Romic then lays out a little piece of wafer (from the Edges)for all of those who have died so far: his parents, Vladek and Tolo's father, etc. etc. (Interestingly, this is a visual parallel to the Eastern rite preparation of communion). What is important is that all of these have lived in the category of "Judaism". At the end of the movie, in one of those scenes where the director slows down the frames to signal that he thinks this moment is really important, Romic is offered communion and the priest gives him one of the "star"-shaped Edges: keeping him on the Edge (ie., preserving his Judaism), another visual parallel to his Jewishness: being marked with a star.

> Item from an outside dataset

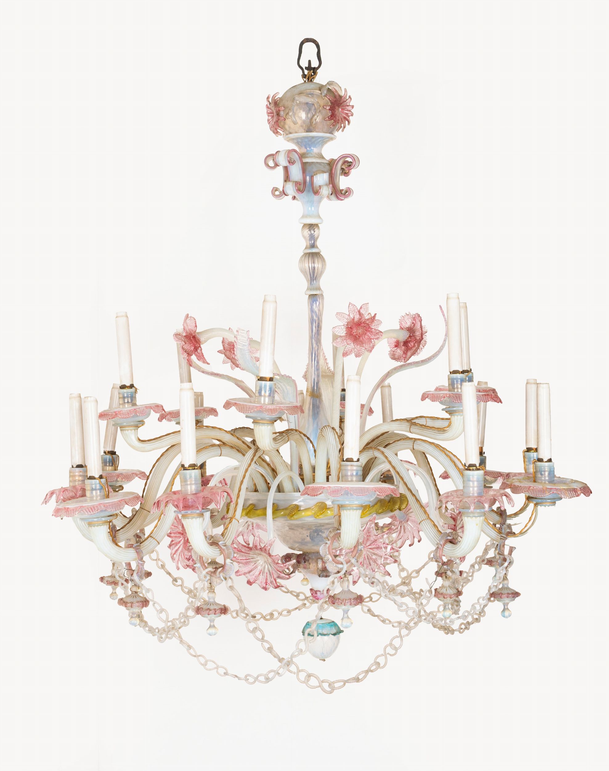 Lampadario in vetro soffiato di Murano policromo
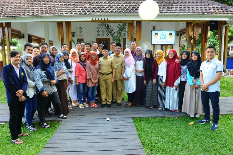 Merdeka.com, Banyuwangi - Bupati Banyuwangi Abdullah Azwar Anas mengundang 200 mahasiswa penerima beasiswa Banyuwangi Cerdas untuk halal bihalal di Pendopo Sabha Swagata Belambangan, Senin (11/7). Dalam kesempatan tersebut, Anas memberi motivasi kepada mahasiswa agar memiliki kreativitas, inovasi dan nantinya bisa menciptakan lapangan pekerjaan baru.

Thus the point: Innocence, even innocence incarnate--in Jesus, Tolo, the Priest (though hes a bit questionable) and the Wafers--is inadequate to do anything in the world, and actually serves to indirectly damn people by convincing them that these ethereal rites have any meaning. Those who actually save others are not innocent: they have to make real choices, and select those they can save (primarily their family). But they can and will save you from untimely death by the sweat of their brow.

Of course the dichotomy that the director sets up is a false one, created by limiting Christianity to ideology. To use the terms of Jaroslav Pelikan, the Priests' Christianity is one of "traditionalism" rather than living tradition. Or put another (visual) way, the director sees the Priests' Christianity as worshipping an idol, because what is there is what is there: if you don't see how a wafer can save you from the Nazis (or from starvation or from murder or from rape) that's because it can't, and that is what matters.

Therefore, the pure essence of "Christianity" (ie., living like Jesus) is comprimised when you try to save anyone through blood sweat and tears: therefore such salvation is called "Judaism" as it can no longer be that of Jesus. The presentation is coherent but unfair because it entirely relies on its (debateable) premise: Christianity is an ideology, and like all ideologies (Nazism) it blinds one to the brotherhood of men and the implications of that.

As Rose pointed out to me, this presentation of Christianity is the same as that of those who said to Jesus, "If you claimed you could save others, why don't you come down and save yourself?!" Christianity has real-world power--the ultimate: resurrection--but it also has other-world concerns and goals that at times madden even those who profess the faith. This does not relegate Christianity to the mere ideological, but is the reality of the sacramental: divine and human.

An artisticly brilliant film that should be seen as a challenge (in both senses of the word) to believers in an Incarnate God.